WHAT IS REQUIRED
Copy the listing exactly as given. Omit every picture.

RECORDED DATA
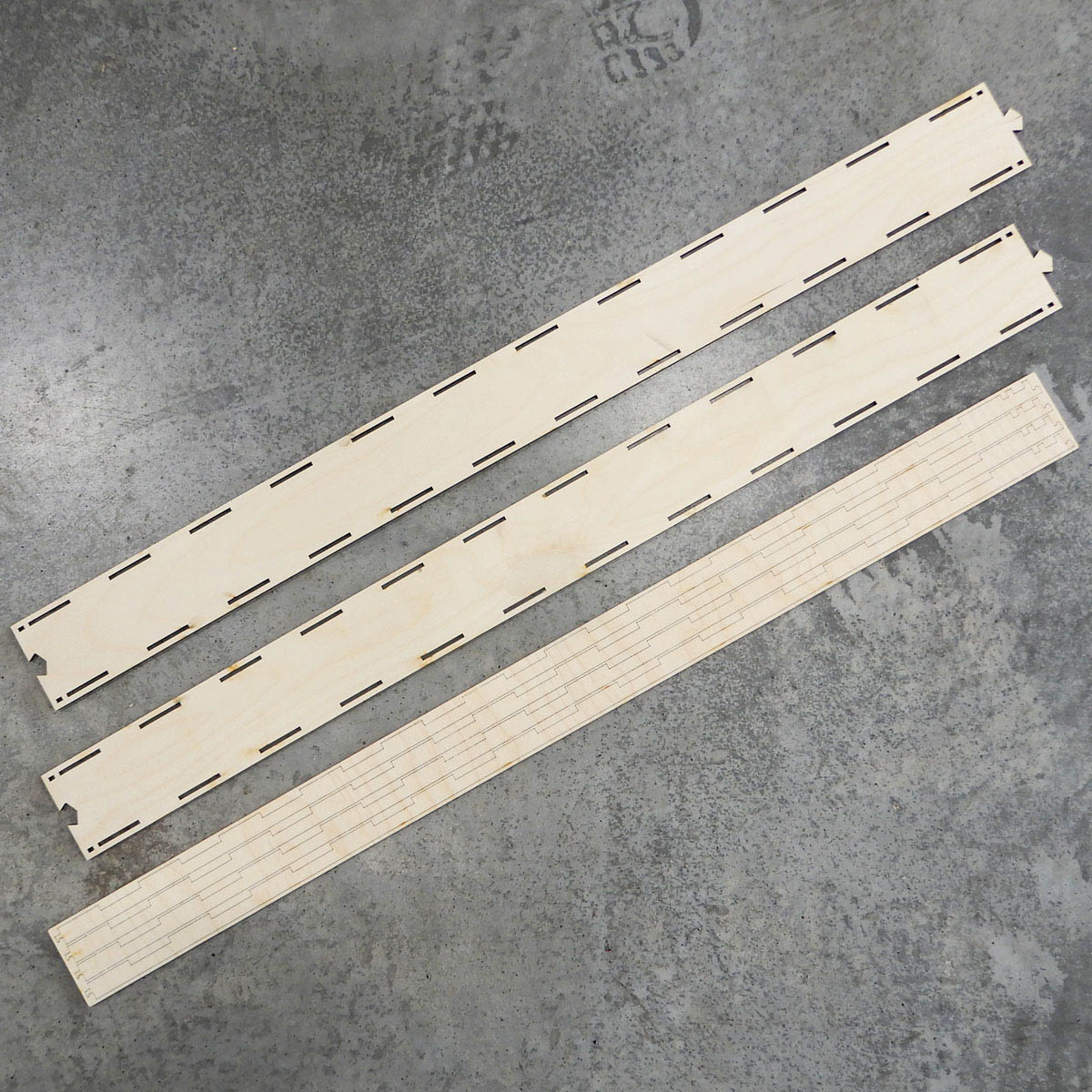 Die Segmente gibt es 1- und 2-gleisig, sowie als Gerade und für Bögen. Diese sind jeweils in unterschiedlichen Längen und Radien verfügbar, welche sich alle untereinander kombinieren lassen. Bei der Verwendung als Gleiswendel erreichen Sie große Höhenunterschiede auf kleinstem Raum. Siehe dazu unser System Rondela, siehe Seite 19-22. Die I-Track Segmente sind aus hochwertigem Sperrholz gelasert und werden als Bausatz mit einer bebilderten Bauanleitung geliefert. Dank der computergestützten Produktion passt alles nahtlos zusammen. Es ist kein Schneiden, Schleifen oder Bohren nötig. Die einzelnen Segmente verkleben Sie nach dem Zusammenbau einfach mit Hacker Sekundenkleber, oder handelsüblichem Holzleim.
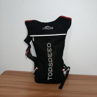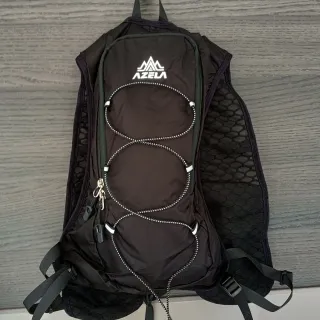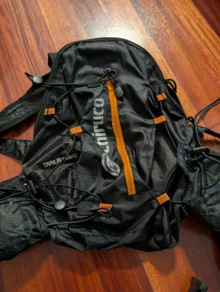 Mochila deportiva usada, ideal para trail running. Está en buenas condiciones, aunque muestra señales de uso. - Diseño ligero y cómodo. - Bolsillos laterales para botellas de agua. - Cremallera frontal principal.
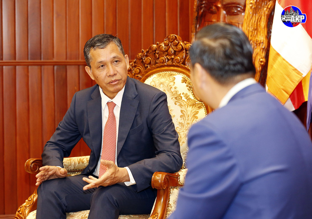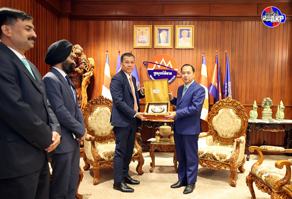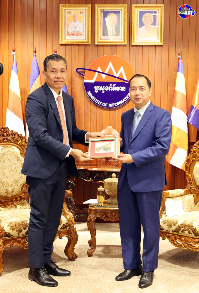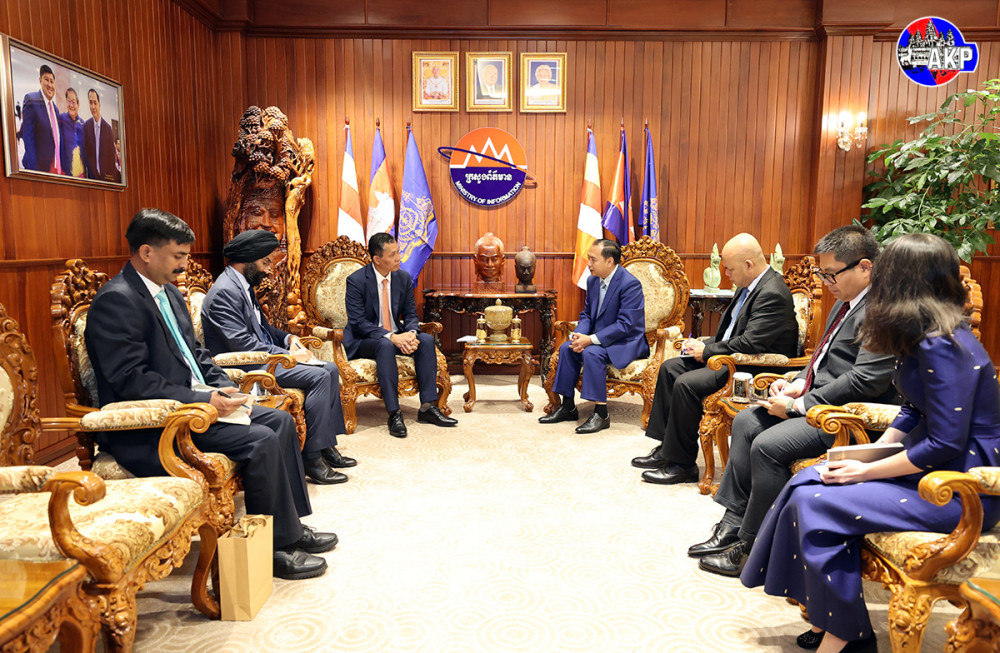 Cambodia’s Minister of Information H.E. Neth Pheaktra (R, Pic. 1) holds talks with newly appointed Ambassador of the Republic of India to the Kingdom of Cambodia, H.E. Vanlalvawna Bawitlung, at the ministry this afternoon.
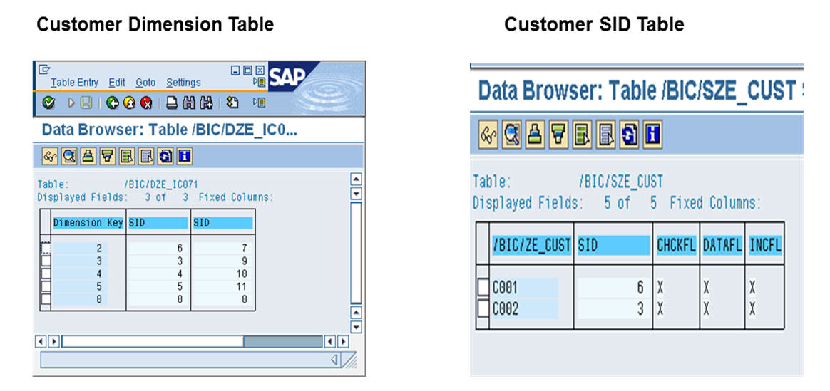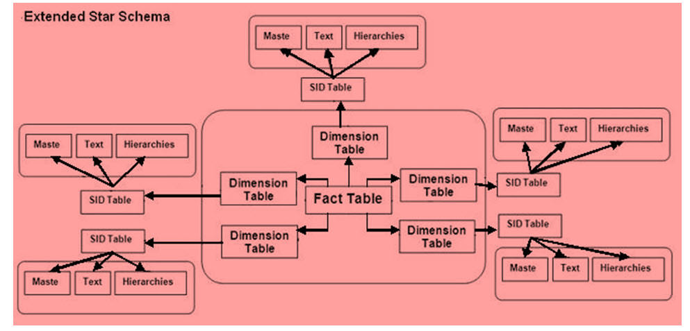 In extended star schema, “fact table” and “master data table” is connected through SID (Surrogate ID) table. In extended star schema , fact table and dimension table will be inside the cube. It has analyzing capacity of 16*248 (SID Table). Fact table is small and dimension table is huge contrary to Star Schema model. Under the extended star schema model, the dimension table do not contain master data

ANSWER TO THIS EXERCISE
 Die Segmente gibt es 1- und 2-gleisig, sowie als Gerade und für Bögen. Diese sind jeweils in unterschiedlichen Längen und Radien verfügbar, welche sich alle untereinander kombinieren lassen. Bei der Verwendung als Gleiswendel erreichen Sie große Höhenunterschiede auf kleinstem Raum. Siehe dazu unser System Rondela, siehe Seite 19-22. Die I-Track Segmente sind aus hochwertigem Sperrholz gelasert und werden als Bausatz mit einer bebilderten Bauanleitung geliefert. Dank der computergestützten Produktion passt alles nahtlos zusammen. Es ist kein Schneiden, Schleifen oder Bohren nötig. Die einzelnen Segmente verkleben Sie nach dem Zusammenbau einfach mit Hacker Sekundenkleber, oder handelsüblichem Holzleim.
 Mochila deportiva usada, ideal para trail running. Está en buenas condiciones, aunque muestra señales de uso. - Diseño ligero y cómodo. - Bolsillos laterales para botellas de agua. - Cremallera frontal principal.
 Cambodia’s Minister of Information H.E. Neth Pheaktra (R, Pic. 1) holds talks with newly appointed Ambassador of the Republic of India to the Kingdom of Cambodia, H.E. Vanlalvawna Bawitlung, at the ministry this afternoon.
 In extended star schema, “fact table” and “master data table” is connected through SID (Surrogate ID) table. In extended star schema , fact table and dimension table will be inside the cube. It has analyzing capacity of 16*248 (SID Table). Fact table is small and dimension table is huge contrary to Star Schema model. Under the extended star schema model, the dimension table do not contain master data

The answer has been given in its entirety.